-------- Data provided --------

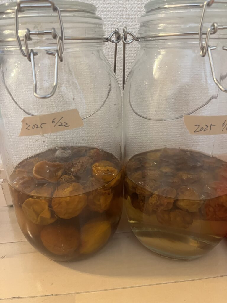 6月に弁天山で採れた梅を漬けたシロップが完成しました。1つはプレーン、もう1つはシナモン、クローブ、カルダモン、クミンも一緒に漬け込んだスパイス梅シロップです。
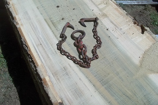 Attached is a pic of a set of chain dogs, aka hammer dogs. They are not as fussy about size range but then you need a hammer to drive them. If you find one with a larger ring, chain and single hook it is a ring dog, cut a pole for the ring and it is a cant hook for the woods.
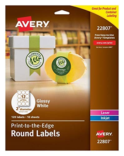Avery Round Labels, Glossy White, 2-inch size, 120 Labels – Great for Canning Labels and Mason Jars (22807)
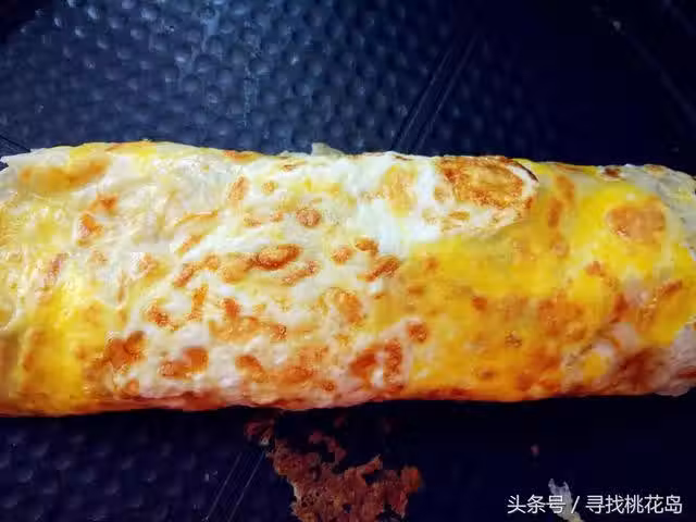 6. 待底部雞蛋完全凝固,出現少許焦痕(有焦痕比較香),把整個餅緊緊捲起來,從中間切開吃,或者裝入口袋裡,拿著整條吃都可以。小提示:最好現做現吃,口味最好。如果涼了,也可以放入微波爐中火轉幾十秒就可以。
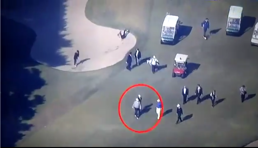 トランプ大統領とゴルフ中の安倍首相 バンカー脱出失敗→転ぶ

--------

• [Task brief]
Please print the data above once more, exactly as it appears, with no pictures.

• [Answer box]
 6月に弁天山で採れた梅を漬けたシロップが完成しました。1つはプレーン、もう1つはシナモン、クローブ、カルダモン、クミンも一緒に漬け込んだスパイス梅シロップです。
 Attached is a pic of a set of chain dogs, aka hammer dogs. They are not as fussy about size range but then you need a hammer to drive them. If you find one with a larger ring, chain and single hook it is a ring dog, cut a pole for the ring and it is a cant hook for the woods.
Avery Round Labels, Glossy White, 2-inch size, 120 Labels – Great for Canning Labels and Mason Jars (22807)
 6. 待底部雞蛋完全凝固,出現少許焦痕(有焦痕比較香),把整個餅緊緊捲起來,從中間切開吃,或者裝入口袋裡,拿著整條吃都可以。小提示:最好現做現吃,口味最好。如果涼了,也可以放入微波爐中火轉幾十秒就可以。
 トランプ大統領とゴルフ中の安倍首相 バンカー脱出失敗→転ぶ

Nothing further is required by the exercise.